Before she could think better of it, she hurried for the door. But she found she could not leave, though her hand gripped the knob, anchoring her to sanity in the storm of emotions battering her. Letting loose a weary sigh, she closed her eyes and pressed her forehead to the wooden panel, unable to hold her head up a moment longer.

“Why did you come back, Peter?”

“I told you why.”

But she was beyond hearing the pained undercurrent in his voice. Behind her closed lids, she saw him as he had been earlier that afternoon in Lady Tesh’s drawing room, the anger that had burst from him when he’d lashed out at Clara.

“You said you returned to the Isle to pay Lady Tesh back for helping your mother,” she managed, her rasping voice echoing back to her against the door. “But that wasn’t the only reason, was it?”

A short, heavy silence followed. And then, “No.”

“Judging from the way you fairly attacked Clara about her father, shall I assume the other reason was His Grace?”

“Yes.”

She remained silent and still, waiting. Finally he continued.

“When I was thirteen, I went to Dane, begging him to help my ill mother. She was dying. I had no money, no connections. He was my last resort.” He pulled in a deep, agonized breath. “He refused me, turned me from the house. She might have lived if not for him.”

“And so you would make him pay for not helping your mother.”

“Yes.”

Her fingers tightened about the doorknob. A harsh laugh escaped her lips. “At least I know now why you intend to never marry. You mean for the line to die out with you, don’t you? As punishment. That’s the debt he must pay to you for destroying your mother’s life, for destroying your life.”

The silence was so great, she thought he would never answer. Finally his voice reached her, a whisper in the heavy air. “Yes.”

One word that proved what a fool she had been even to consider making a life with him. Her heart, already fractured, shattered. Any chance for a happily-ever-after between them had been doomed from the start.

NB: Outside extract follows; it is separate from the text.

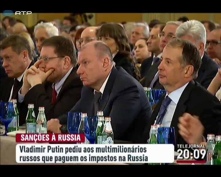 O presidente russo pediu aos multimilionários russos que paguem os impostos para ajudar o país a enfrentar as sanções vindas do Ocidente. Vladimir Putin reuniu-se em Moscovo com os homens mais ricos da Rússia. Num discurso de união contra o Ocidente, Putin pediu aos empresários para manterem a sede dos negócios em território russo e pagarem os impostos na pátria - esta a resposta de Moscovo as ameaças de sanções dos Estados Unidos e da União Europeia. A Rússia diz que vai aplicar sanções também contra responsáveis políticos norte-americanos.

Without a word, she opened the door and slipped from the room.

***

Peter stared at the place she’d been, the devastation left in the wake of her departure making mere minutes seem like hours. He had thought he could not feel any lower after the subscription ball. But this left that in the dust.

He couldn’t stay at Seacliff any longer. He should have left as soon as Redburn arrived. It had been pure stubbornness that had kept him from leaving. He was the only one affected, he had told himself. Once the promise to his mother was seen through, he could leave, and never give this island and the people on it another thought.

Lenora had made him see in mere minutes how wrong he had been.

The agony on her face would haunt him the rest of his days. By acting the animal and attacking Redburn, he had brought her grief.

He could not hate himself more.

Again a flash of the agony in her eyes, the fury in her voice. Lenora did not deserve the heartache Peter had brought into her life. He would leave tomorrow, and never return. And she would never have to suffer from his presence in her life again.

But by leaving, he would once more be breaking his promise to his mother. The guilt from ignoring her final wishes had haunted him all these years. By seeing them through, he could finally lay his mother’s ghost to rest.

He sank down on the edge of the bed, his head dropping into his hands. But how could he stay here knowing he was hurting Lenora? Her face swam up behind his tightly closed lids, white with strain, and he knew in a flash he couldn’t. To hell with how this affected him. He’d lived with the guilt for half his life. What he could not live with was giving Lenora even a moment’s more pain.

He surged to his feet, pulling a shirt over his head, striding through the door. Making his way down the hall on silent feet, he paused only an instant outside Lenora’s door before moving off to the room at the far end.

He rapped on the polished wood. She might be sleeping given the late hour, he told himself, preparing to move away and return to his room—coward that he was.